* _REQUIREMENT_
Transcribe the data that follows in full. Leave out the pictures.

* _DATA_
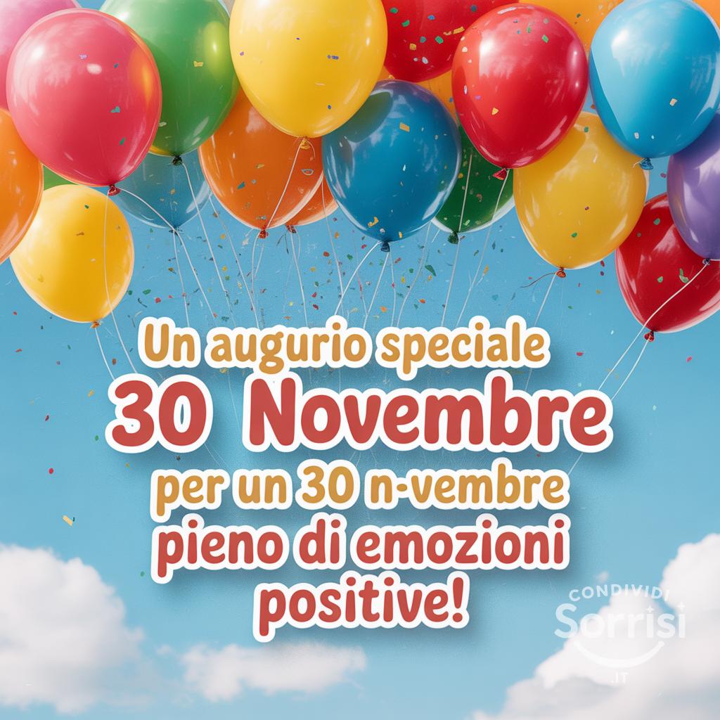 🎈 Oggi è il 30 novembre! ✨ Un augurio speciale per una giornata piena di emozioni positive! 🥳 Tanti colori, sorrisi e gioia per tutti voi! 😊
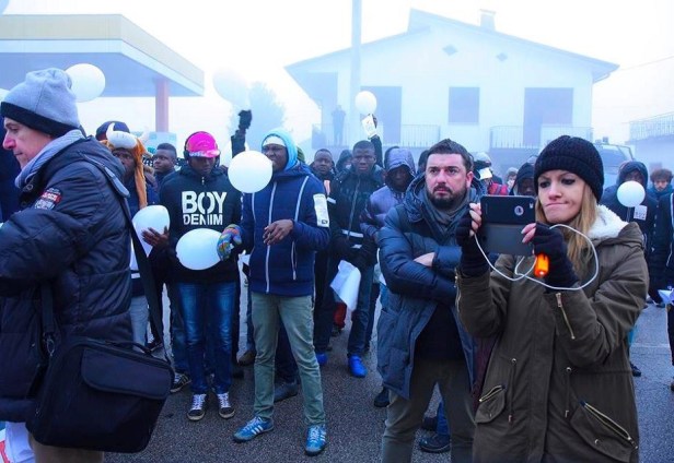 Gli immigrati del campo di accoglienza di #Conetta, sabato hanno manifestato. Per cento profughi sono stati blindati due comuni. Ristoranti, negozi e bar chiusi. Hanno riaperto alle 16.35 di un pomeriggio d’inverno quando lì fuori è già nebbia e buio pesto.
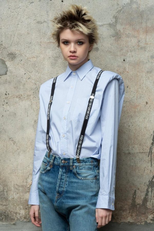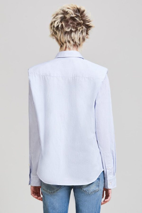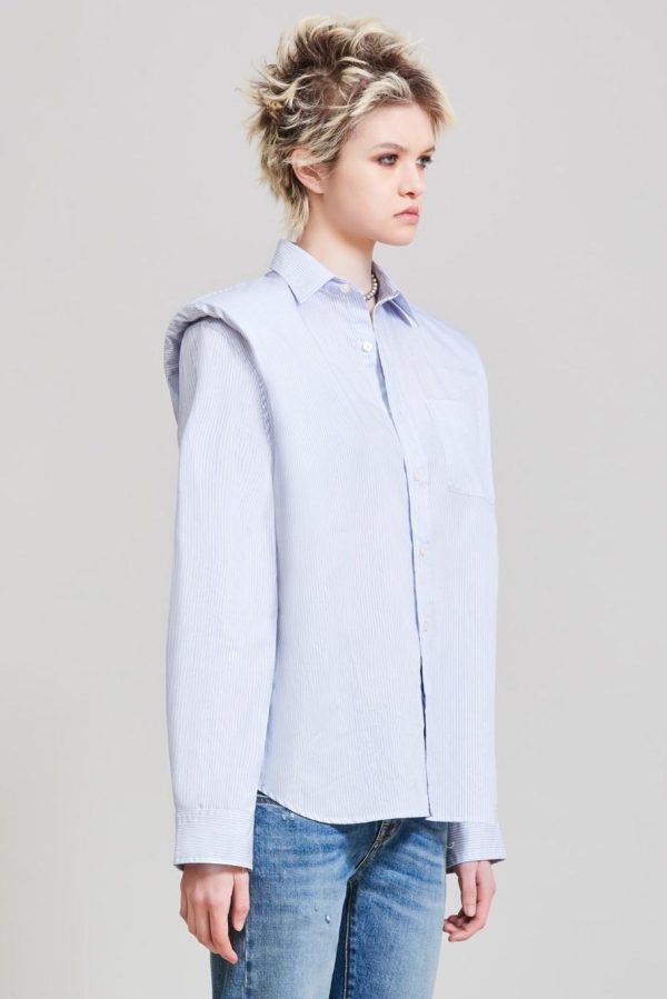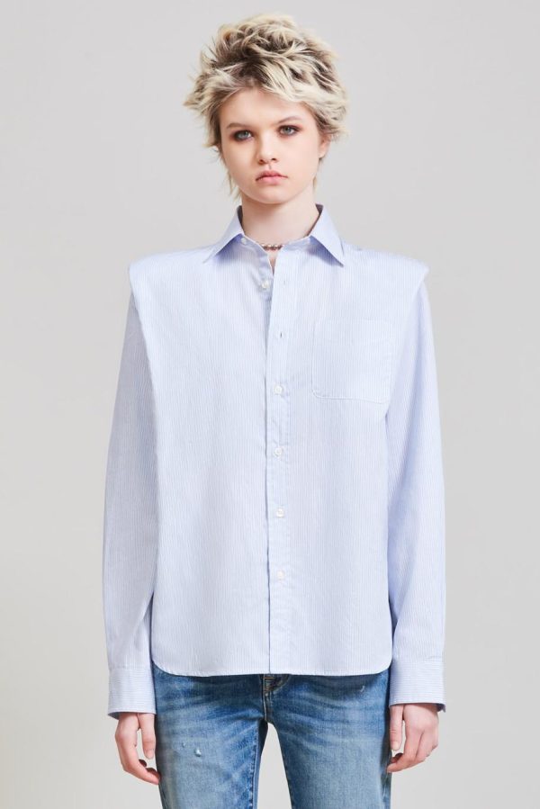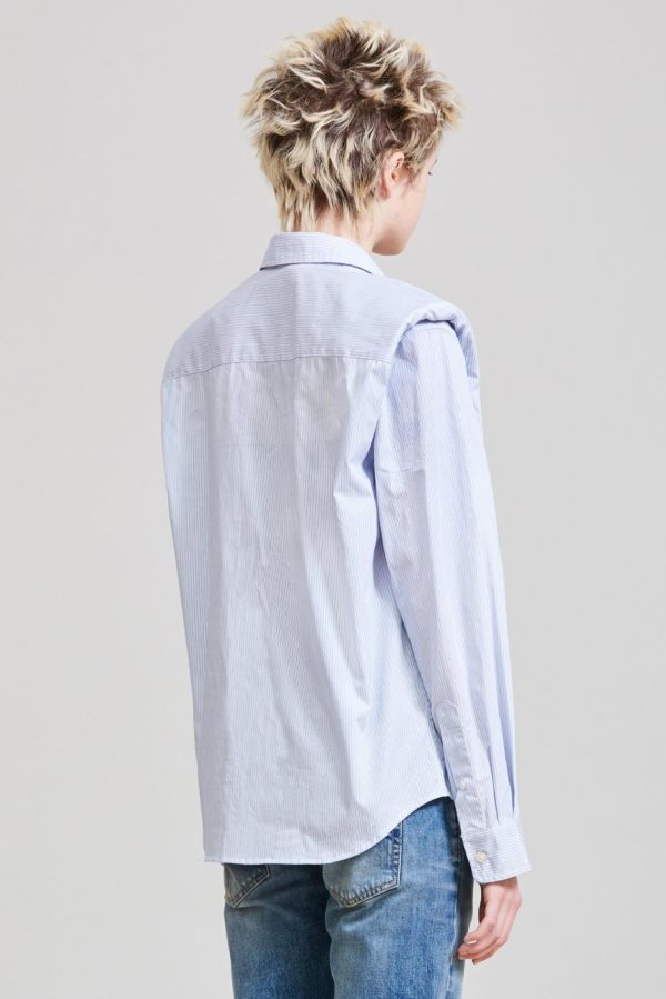 Folded shoulder shirt made with fine cotton poplin. Classic front pocket button down shirt with shoulder pads added for structured look with soft drape at the sides.

* _EXERCISE ANSWER_
 🎈 Oggi è il 30 novembre! ✨ Un augurio speciale per una giornata piena di emozioni positive! 🥳 Tanti colori, sorrisi e gioia per tutti voi! 😊
 Gli immigrati del campo di accoglienza di #Conetta, sabato hanno manifestato. Per cento profughi sono stati blindati due comuni. Ristoranti, negozi e bar chiusi. Hanno riaperto alle 16.35 di un pomeriggio d’inverno quando lì fuori è già nebbia e buio pesto.
 Folded shoulder shirt made with fine cotton poplin. Classic front pocket button down shirt with shoulder pads added for structured look with soft drape at the sides.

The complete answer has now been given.